Hi,

I hope someone can help.

I'm suppose to prove that sin(2pi/3) = sin(8pi/3) based on the formula that I developed: Sin4x = 4SinxCos-8Sin^3Cosx

This is the textbook solution for the question:

I believe what the solution is trying to say is that we already know sin(2pi/3) since (2pi/3) is a common angle on the unit circle (hence why there was only one step in the textbook solution to know what the ratio is for sin(2pi/3).

Now that I said what I understand, I will now explain what I'm confused about...

1.Can someone please explain to me why 2pi/3 is subbed into the Sin4x equation as x? What is the textbook solution trying to communicate by doing that? I understand how one could sub 2pi/3 into Sin4x as x, but I'm not sure why you would in the first place. Why don't you just sub in 8pi/3 as x?
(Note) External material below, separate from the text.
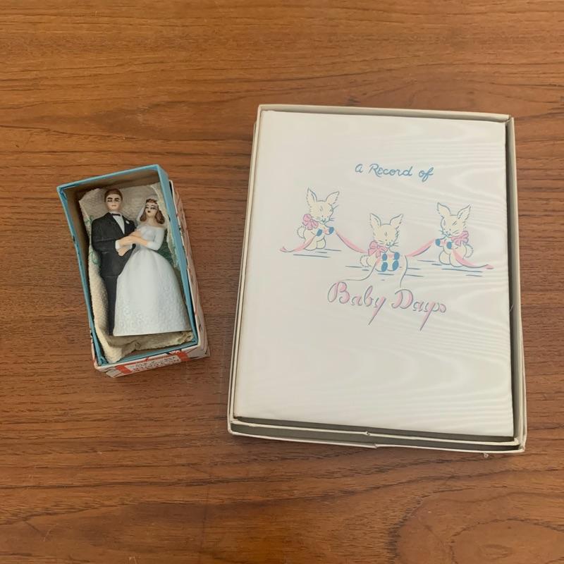 Lot 18 - Vintage Wedding Cake Topper and Baby Book

2.In addition, do you even need to have the equation of Sin4x in order to determine that sin(2pi/3) and sin(8pi/3) are equivalent? For example, I know that ((8 x 180)/3)=480... and 480 - 360 = 120... and 180 - 120 = 60. What I just proved is that the angle 8pi/3 lies within the 2nd quadrant and has a related acute angle of 60 degrees... which is the same as 2pi/3! Hopefully what I just said didn't sound too convoluted...

Sincerely,

Olivia